The Miseducation of Cameron Post by Emily M. Danforth -review

/ posted in: Reading

The Miseducation of Cameron PostThe Miseducation of Cameron Post by Emily M. Danforth

My rating: 3 of 5 stars

YA Fiction

When 12 year old Cameron Post is told that her parents have died suddenly, her first feeling is relief.  Now they won’t know that just hours earlier she had kissed a girl.  But Cameron’s life changes radically when her very religious Aunt Ruth comes to live with Cameron and her grandmother in their small Montana town.

The first part of this book focuses on Cameron’s life as she explores her developing sexuality while trying to keep it secret.  Honestly, I had put the book aside at this point.  Most of the main characters’ time and energy is focused on getting drunk and high.   There was such a feeling of inertia in this book.  These were high school students who never seemed to pay any attention to what was going to happen next.   I was a rural kid in high school and these characters seem so stereotypical of people’s opinions of what kids in rural communities do.  It annoyed me.  I don’t have any patience for people or characters who don’t invest any effort in improving their situation in life.

But then I read that the book had been taken off a summer reading list recently, so I picked it back up.  Let that be a lesson to book banners.  I wouldn’t have finished this book if you hadn’t tried to stop people from reading it.

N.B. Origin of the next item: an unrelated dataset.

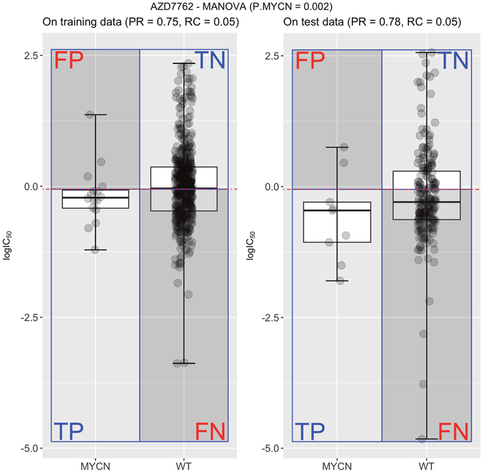 Figure 1: Measuring the performance of the most significant single-gene marker for the drug AZD7762. Using all the cell lines originally tested with this drug (the training set), MYCN-mutated cell lines were found to have increased sensitivity to AZD7762 (P=0.002)6. The median logIC50 in μM units of all cell lines in this training set (left) defines the sensitivity threshold (horizontal red line) for both training and test sets. Thus, this single-gene classifier predicts that cell lines harbouring the genetic aberration (mutated MYCN with boxplot named MYCN for short), tend to be more sensitive to AZD7762 (logIC50 below threshold) than cell lines that are wild-type (WT) with respect to the MYCN gene (boxplot marked as WT for short). This classifier achieves a high precision (PR=0.75) on the training set because only 25% of the cell lines that are predicted to be sensitive are actually resistant (false positives; FP). However, it obtains a very low recall (RC=0.05) as the vast majority of sensitive cell lines are WT with respect to MYCN and hence are incorrectly predicted to be resistant (i.e. false negatives; FN). A second scatter plot with two boxplots (right) shows the classification performance of the AZD7762-MYCN marker on the test set. It is similar to the performance obtained on the training set, which evidences the robustness of this particular marker.

The second part of the book was more interesting to me.  Aunt Ruth finds out that Cameron is gay and sends her to a facility to be fixed.  The kids in the facility come in two types:

  1. They believe that being homosexual is wrong and they want to change.  When change is not happening despite their best efforts, they get depressed.
  2. They know that nothing is going to change the fact that they are homosexual so they are pretending to go along with the program is hopes of being released.

Reading about forced conversion therapy is very sad.  These kids were locked up and told repeatedly how damaged they were.  They needed to address the causes of their supposed brokenness and place blame on family and friends.  Seeing how people survive in that environment made me want to keep reading this book.